Oxpeckers on a weekend at Satara, Kruger National Park

On Saturday morning (Dec 4), I crawled out of bed at 3:30 to be early to Orpen Gate into the Kruger National Park to spend the night at Satara Camp. One of my goals was to get photos of birds that nest in tree cavities (hole nesting) because I want to write an article and put together a webinar on the impact of elephant overpopulation and how it affects them. One target was oxpeckers, and in that one I was successful even though I did not manage to find any nests.

During the morning along Sweni Road heading to Satara from Orpen, I was lucky enough to find some buffalo bulls having mud baths very close to the road. They had quit a few yellow-billed oxpeckers (Buphagus africanus) with them. In South Africa, yellow-billed oxpeckers are only found in the northeast part of the country, mainly in northern Kruger Park.

Cape buffalo with yellow-billed oxpeckers

There are only two species of oxpecker, the other one being the red-billed oxpecker (Buphagus erythrorynchus) that is more widespread in South Africa. Red-billed oxpeckers are much more common, although both species have much reduced populations outside conservation areas due to the treatment of cattle for ticks. There are projects to restore oxpeckers in cattle areas. The red-billed oxpecker shown here on an impala from Sunday morning when I was heading back to Orpen Gate. Based on genetic evidence they are placed in the family Buphagidae which contains only these species, previously having been considered part of the starling family.
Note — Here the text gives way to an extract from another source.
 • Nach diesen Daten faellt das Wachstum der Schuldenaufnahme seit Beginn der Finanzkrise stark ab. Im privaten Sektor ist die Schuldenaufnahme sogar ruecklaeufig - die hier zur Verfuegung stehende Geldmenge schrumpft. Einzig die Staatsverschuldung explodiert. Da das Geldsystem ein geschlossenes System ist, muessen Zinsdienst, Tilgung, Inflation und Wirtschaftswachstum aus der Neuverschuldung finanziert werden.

Impala with a red-billed oxpecker

Both species of oxpeckers nest in tree-holes that they line with hair plucked from their animal hosts. Given the loss of trees in the Kruger due to a combination of excessive elephant numbers and perhaps drought, it seems likely that the availability of nest sites for such cavity nesters is reduced.

Despite the trip being just overnight, and leaving the park at mid-day on Sunday, the opportunity to interact closely with both species of oxpecker and their hosts made the day and a half visit worthwhile. Kruger National park is a wonderful place for birding, and Sweni Road is one of my favourite places for doing so.